(First time reply using FairEmail on my phone, which I think solves the plain text issue but I can't see how to do inline quotes properly)
The issue with standard dedup tools is that I have a lot of files, some of them quite large, and a dedup tool won't take into account all the features of the file structure that save our from having to, in effect, check every file against every other.
Also, with what I know now, they'd have failed horribly at detecting files which are identical except for whitespace differences
My script evolved to take the first 20k of message data after the header, remove whitespace, hash the first 10k of that, and compare those hashes, but only against files in the same associated sub directory.
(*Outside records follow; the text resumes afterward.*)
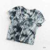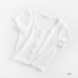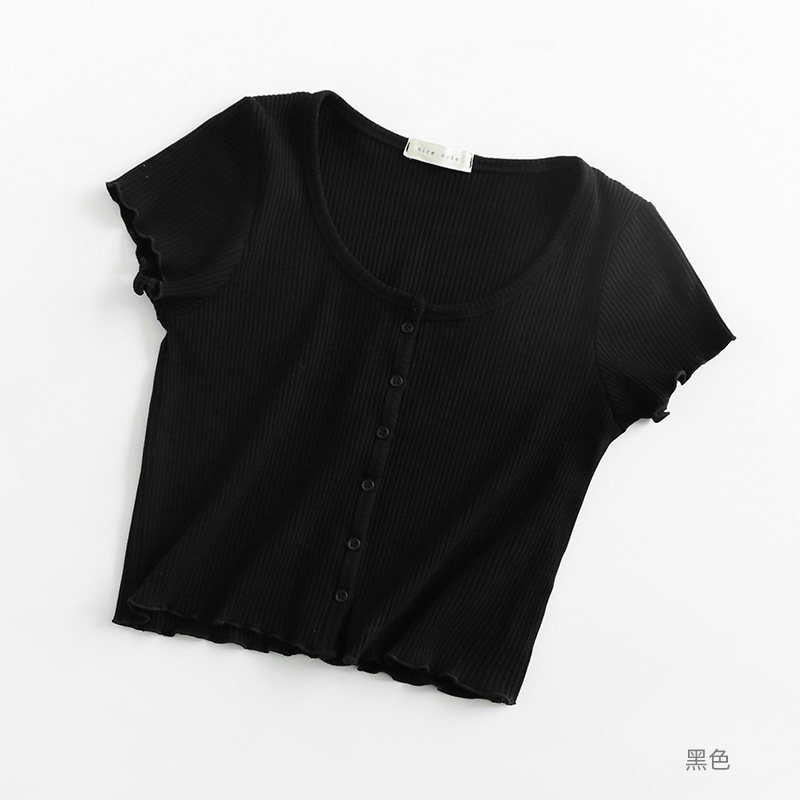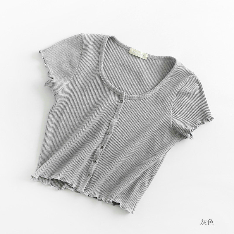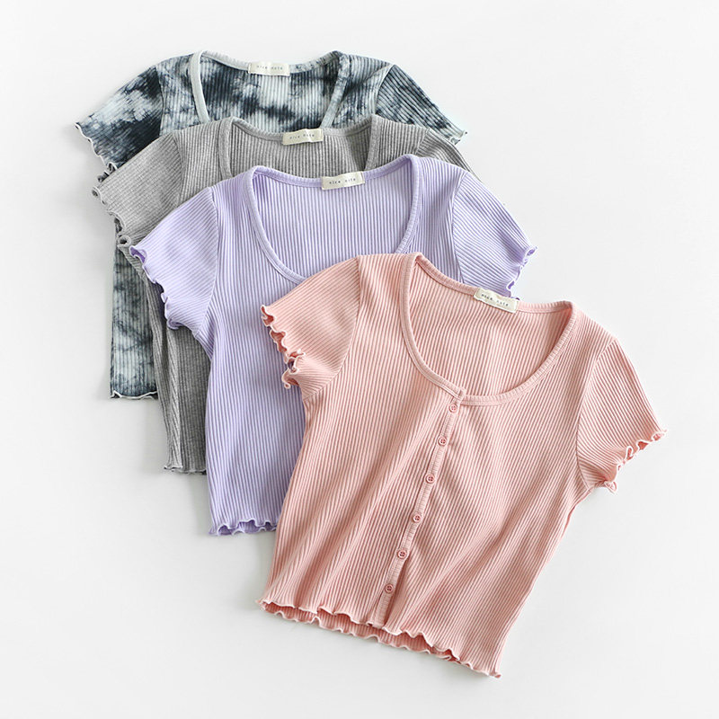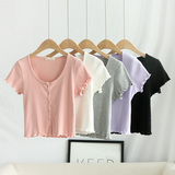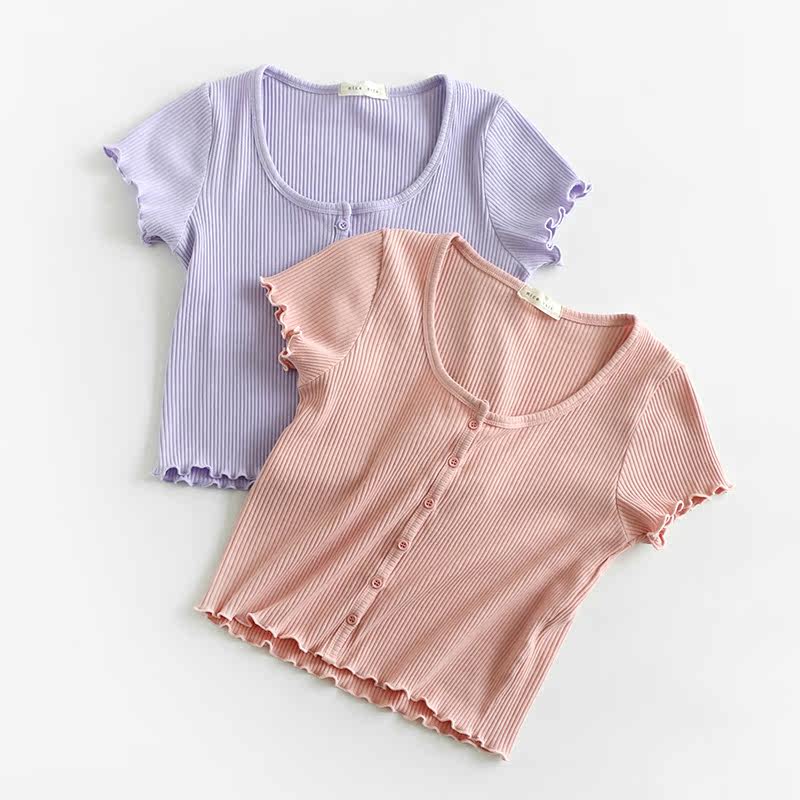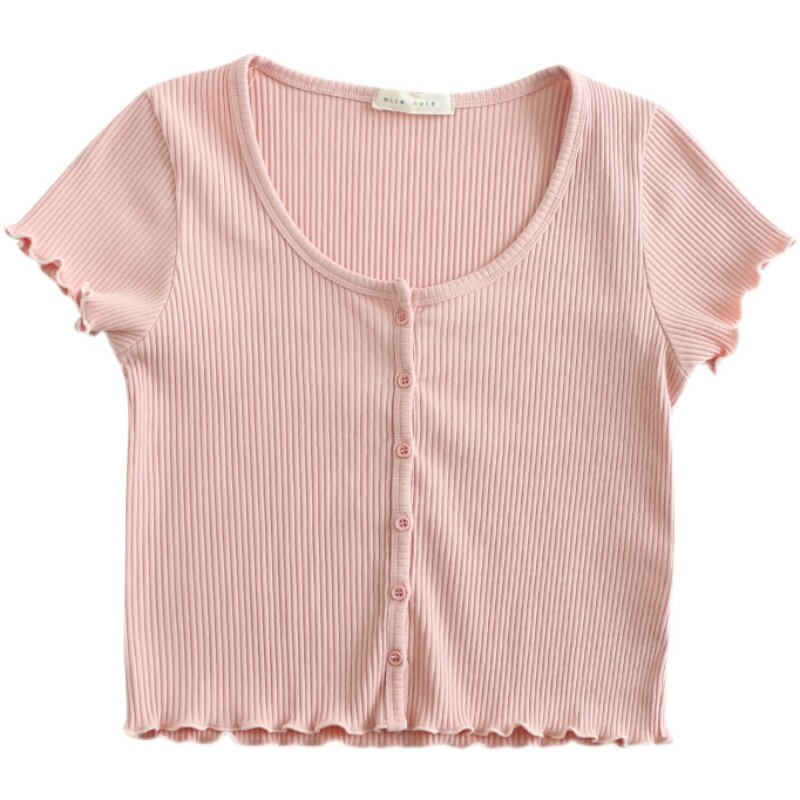 Короткая летняя тонкая футболка с коротким рукавом, приталенный трикотажный свитер, французский стиль, высокая талия
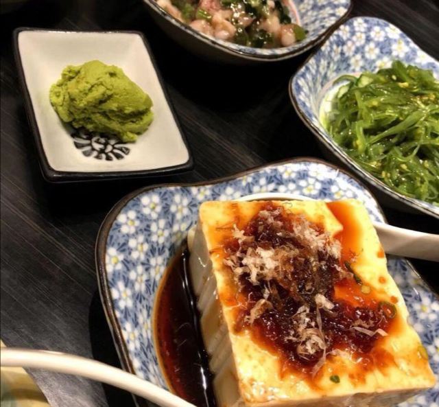 麻汁芦笋,蒜蓉烧烤小鲍鱼,鳗鱼手握,蒸蛋,三文鱼手卷,三文鱼手握,日式炒面,煎饺,烤鳕鱼,泡菜火锅,牛肉火锅,三文鱼拼北极贝,韩式火锅,蟹子沙拉,蔬菜天妇罗,刺身,金枪鱼刺身,三文鱼,冰激凌寿司,烤鳗鱼,蟹籽沙拉,梅酒,秘制烤鳗鱼,照烧银鳕鱼,海洋的呼唤,花生豆腐,牛肉泡菜锅,胡麻豆腐,冰淇淋寿司,加州卷,石锅拌饭,天妇罗,串烧,干剪鳕鱼,豆腐
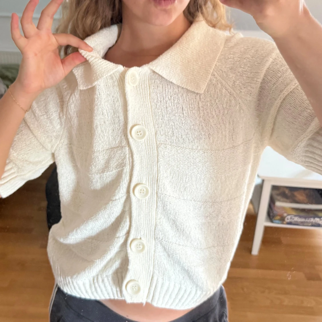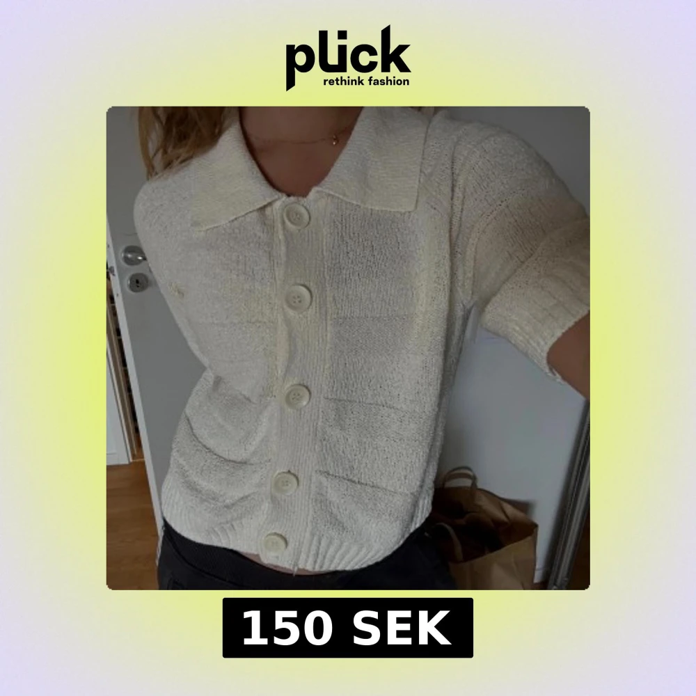 Säljer en vit stickad kofta med korta ärmar och stora, snygga knappar framtill. Koftan har en bred krage och ribbade muddar nedtill. Perfekt för dig som gillar en chill och stilren look till våren eller sommaren. Köpt på lindex för 499kr 🤍
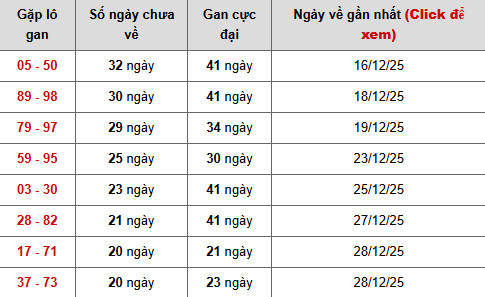 Nổi bật nhất là cặp 05 – 50, hiện đã 32 ngày chưa xuất hiện, trong khi mốc gan cực đại lên tới 41 ngày, lần về gần nhất ghi nhận 16/12/2025. Trạng thái gan cao, tiến sát vùng nhạy cảm cho thấy áp lực giải tỏa đang tăng dần, khiến cặp số này trở thành điểm cần cân nhắc trong các phương án dự đoán xổ số miền bắc ngày 18/1/2026 chuẩn xác.
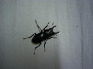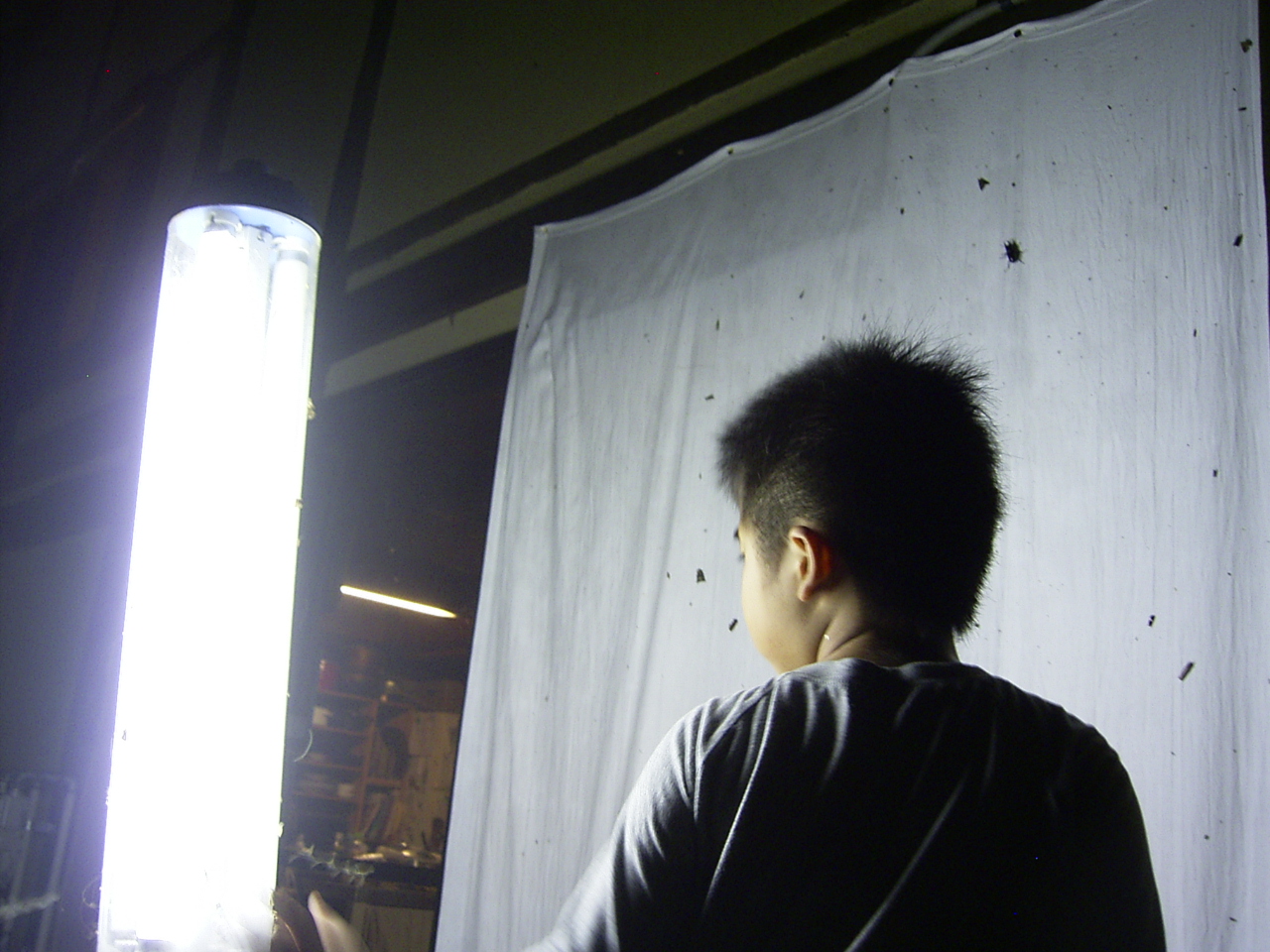 本日最後のお楽しみは、ライトトラップに集まる虫たち。もちろん男の子たちの目的はカブトムシやクワガダムシです。お約束通りに?クワガタムシが2匹来てくれましたよ!

This was quite a quick way to find the things I need to find (where a message had failed to transfer from one server to another) but highly unlikely to be much use in a general case.
Incidentally, Google have now said that legacy Workspace accounts which are used for private (non commercial) purposes only can be retained, so the exercise has proved to be unnecessary after all the effort, but such is life!
23 May 2022 08:47:11 Peter peter.northerly@gmail.com:
A query, not a suggestion, because you are all far, far better informed than me about this stuff! I was curious and looked up what tools are available for this, and came on:
rdfind Fdupes dupGuru
which all seem to find dupes by content. I am sure Mark is well aware of these and more. So why can't one of them be used to find the dupes? Also, is any of them significantly better than the others?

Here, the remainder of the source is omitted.